I imagine a human drummer playing a high end Roland V-Drum kit performance live in a studio with the individual outputs from the V-drum brain being multi-track recorded live.

That would give me a live performance of a human drummer on an electronic instrument that sounds a lot like an acoustic drum kit.

“sounds a lot like an acoustic drum kit.”

Yep it does

I can do that all day long so what are they selling here?

A trigger of samples using electronic triggers powered by humans ?

Has this not been done all before?

What is actaully new here?

Moving on

Acoustic guitar ?

Tiggered? Samples?
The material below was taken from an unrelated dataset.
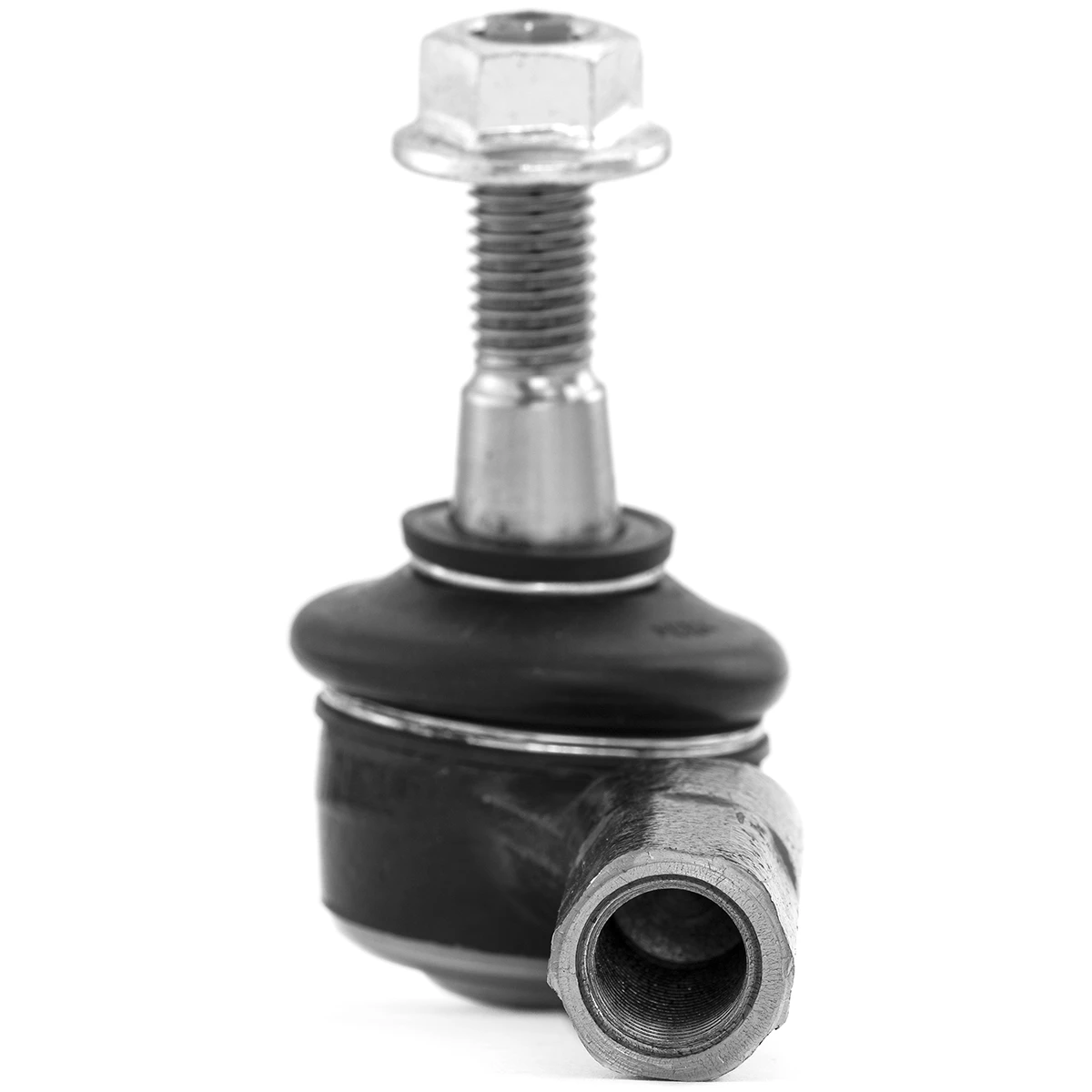Observándola parece simplemente un tornillo en escuadra, pero realmente es una articulación hecha de metal. Lo que hace a esta pieza funcional es su unión de bola llamada rótula. La rótula es un modelo de articulación que permite al vástago de la terminal, esa sección que tiene la tuerca, moverse en cualquier dirección, por medio de grasa, la unión de bola genera un movimiento muy suave pero bastante firme, por eso se le pone un cubrepolvo para evitar la entrada de contaminantes, por el extremo opuesto hay cuerda interna que servirá para acoplarse con la bieleta, otra sección importante de la dirección.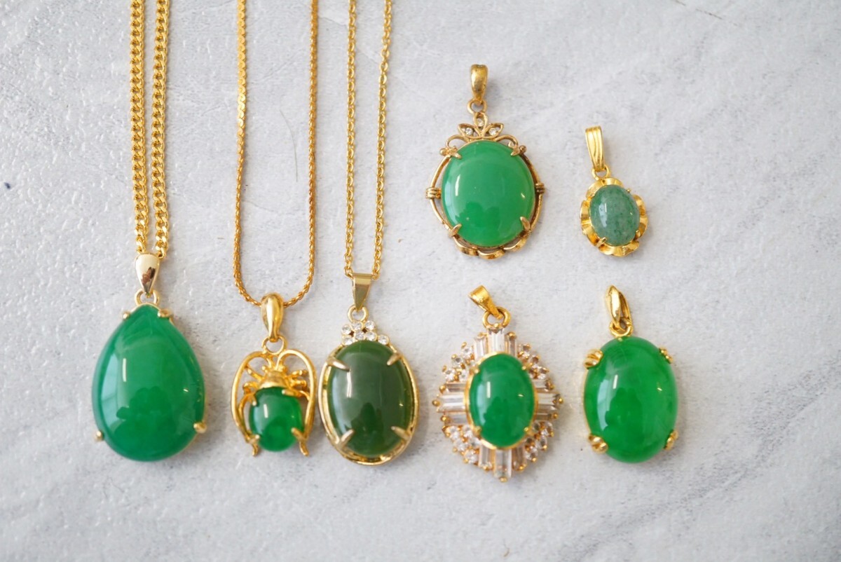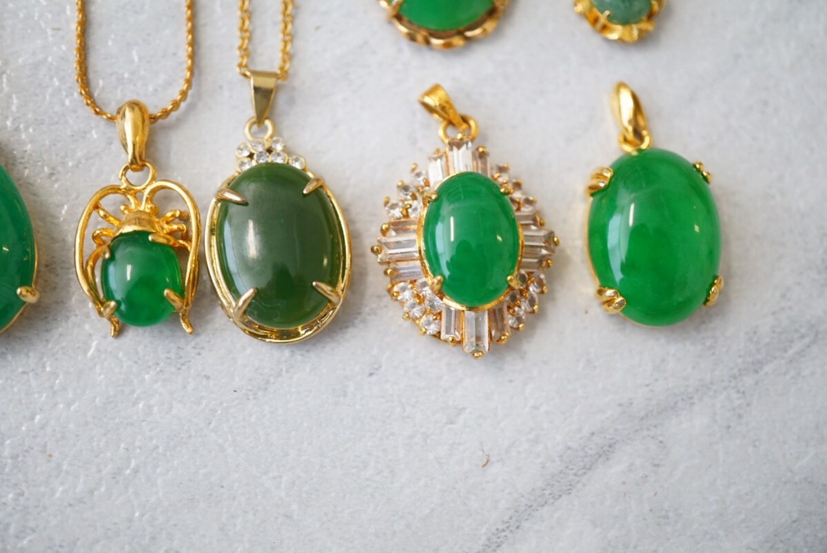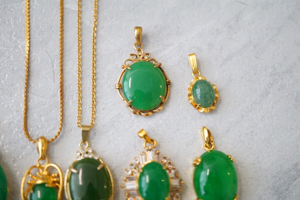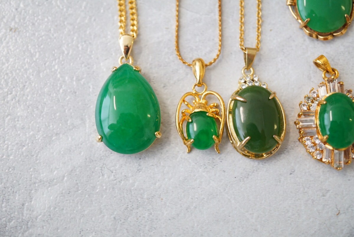 B386 緑石 天然石系 ゴールドカラー ネックレス ペンダント ヴィンテージ アクセサリー カラーストーン 大量 セット まとめて おまとめ

Ambiance added later ?

All been done

Recorded live in a space and all ambience removed with ths new magig celomony engine

I think not that, tool would make a fortune.

My objection is not to this software But the way its being sold and promoted

It a propritory “midi” type thing triggering samples with post ambiance/processing you can remove at extra cost.

You all seem to agree on that, point out how it could be done BUT its not sold like that.

yep - see my first post in this thread

huh? I never said it was new. Quite the opposite, if you read my first post in this thread.

Arguably it even competes with numerous MIDI packs that are recorded MIDI performances by a human drummer. But the real-tracks competition from Band-in-a-Box is closer, since it’s audio, rather than MIDI.

So I have no idea why you’re picking an argument with me.